Our analysis was limited by the inconsistent categorization of the exposure variables, particularly those with more than two strata. As with any meta-analysis, we cannot exclude the possibility that other studies may have been missed during our literature search, or that studies that observed null effects were absent from the literature altogether. Nevertheless, we found little evidence of publication bias. A greater potential concern regarding data completeness is that some of the published studies on HRT or tamoxifen did not specifically report incidence of gastric cancer, and many registered tamoxifen trials are still unpublished (7).

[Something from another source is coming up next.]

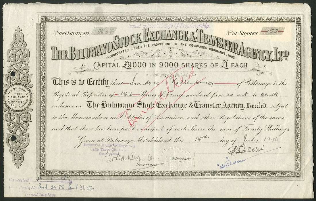 Rhodesia: Buluwayo Stock Exchange & Transfer Agency Ltd., £1 shares, [1946], #3634, ornate border, black, cancelled. The Exchange was originally formed in 1896. According to records the company only lasted 6 years and the modern exchange was only formed in 1946. It would appear however that the company continued throughout the period. GVF and rare.

Our inability to detect significant between-study heterogeneity may be due to the insensitivity of the Q statistic and/or limited sample sizes. Furthermore, insufficient data precluded analyses for histologic and anatomic subtypes, which might have varying associations with the reviewed exposures. We were also unable to evaluate HRT formulation (unopposed estrogen versus estrogen plus progesterone compounds) and duration of therapy.

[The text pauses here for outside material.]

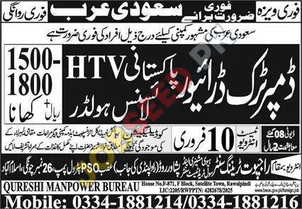 Saudi Arabia's leading companies are actively seeking experienced HTV Drivers to join their esteemed operations. This is a prime opportunity for Pakistani professionals to secure lucrative employment abroad, offering a monthly salary range of 1500-1800 Saudi Riyals. Successful candidates will benefit from a supportive work environment and potential for career advancement within the private sector. We are looking for individuals with valid HTV licenses and a proven track record in safe driving practices. Explore these exciting government-approved overseas job openings and embark on a rewarding international career.

Our finding about tamoxifen primarily reflects observational studies with unmeasured confounding of treatment assignment. Nevertheless, limited data from randomized controlled trials was consistent. The analyses of both the randomized trial and the observational cohort data were hampered by inclusion of groups with zero events, which we addressed by marginal analyses. While this analytic approach has recognized limitations (103), alternative approaches such as continuity corrections also have drawbacks (104). Furthermore, we could not account for the differences in dose and duration of tamoxifen treatment among studies. Thus, these results should be interpreted with caution.

We restricted our meta-analysis to associations with overt gastric cancer. However, given the recognized multistep process of gastric carcinogenesis (105), it is necessary to consider how estrogens might influence earlier stages such as intestinal metaplasia and dysplasia. Direct assessment of estrogens would be additionally informative, as studies to date are almost exclusively based on surrogate measures. Furthermore, the effect of other selective estrogen receptor modulating drugs on gastric carcinogenesis could be usefully examined.

In conclusion, our results are consistent with the hypothesis that estrogen’s effects may lower the risk of gastric cancer in women. Further studies are needed to extend these observations and identify the biologic bases of this epidemiologic association. Better understanding of how sex differences influence carcinogenesis would provide important insights into gastric cancer etiology.